My C-Corp owes taxes for 2 years but went out of business and there's no money left. It never made any money so the amounts aren't big, but I can't afford them personally. My business partner wants to request the resignation of our registered agent and have the entity become inactive. If he does this, will Delaware come after me personally for the unpaid taxes?

HBS Staff replied: Friday, August 14, 2020

The fees, including late fees and penalties, will stay on file with the company, so if you ever wish to renew it, the entire overdue balance will have to be paid. Delaware typically does not actively pursue overdue payments or send such matters to collections.

CS said: Sunday, March 29, 2020

A former business partner of mine opened a C-Corp using his name to get an EIN and listed me as a shareholder, director, vice president, and secretary of the company. I don’t think he conducted any business with this C-Corp not 100% sure, but he did not pay the franchise taxes since he opened the company in Nov 2018 nor did he file any taxes. Will any of this fall onto me and/or affect me negatively even if the company eventually becomes void/dissolved?

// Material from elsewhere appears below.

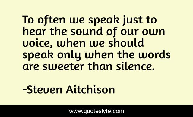 This page presents the quote "To often we speak just to hear the sound of our own voice, when we should speak only when the words are sweeter than silence.". Author of this quote is Steven Aitchison. This quote is about confidence, inspirational, positive, motivational, optimistic, words, enthusiasm, silence,.

HBS Staff replied: Monday, March 30, 2020

The franchise tax fees are imposed on the company, not an individual person. If you would like to contact our payments team for assistance, we would just need to know the name of the company and/or state of Delaware file number to review further. 

Sam said: Thursday, February 27, 2020

Hello If my corp get the void status, will happen the same to forfeit status? in some date will be dissolve by the State?

HBS Staff replied: Monday, March 2, 2020

The company cannot go void and forfeit. It can only be in one of these statuses. The company goes void if it does not pay the taxes for 2 years in a row (corporations) or 3 years in a row (LLCs). The company goes into forfeit status if it does not maintain a registered agent.

Andy Z said: Tuesday, March 5, 2019

Once a C Corp is voided, and no longer conduction business with no taxes due, can I simply file a final IRS tax return and mark it as final return and is that ok? Is it better to have it forfeited?

HBS Staff replied: Wednesday, March 6, 2019

Andy, for questions related to your company tax filings, we recommend speaking with a CPA to determine the best course of action.

Wayne said: Thursday, January 10, 2019

Once the c-corp in forfeit status and I am not doing anything with the company, what happens after like a couple of years? Will it dissolved automatically? Am I still responsible for the outstanding tax?

HBS Staff replied: Friday, January 11, 2019

Wayne - For a corporation, the state of Delaware will generally void the company for non-payment of the franchise taxes for two consecutive years.  For an LLC, the state of Delaware will generally void the company for non-payment of the franchise tax fees for three years in a row. 

The franchise tax fees will always remain with the company; therefore, if the company (INC or LLC) is renewed at a later date, the outstanding fees would need to be paid at the time of the revival filing.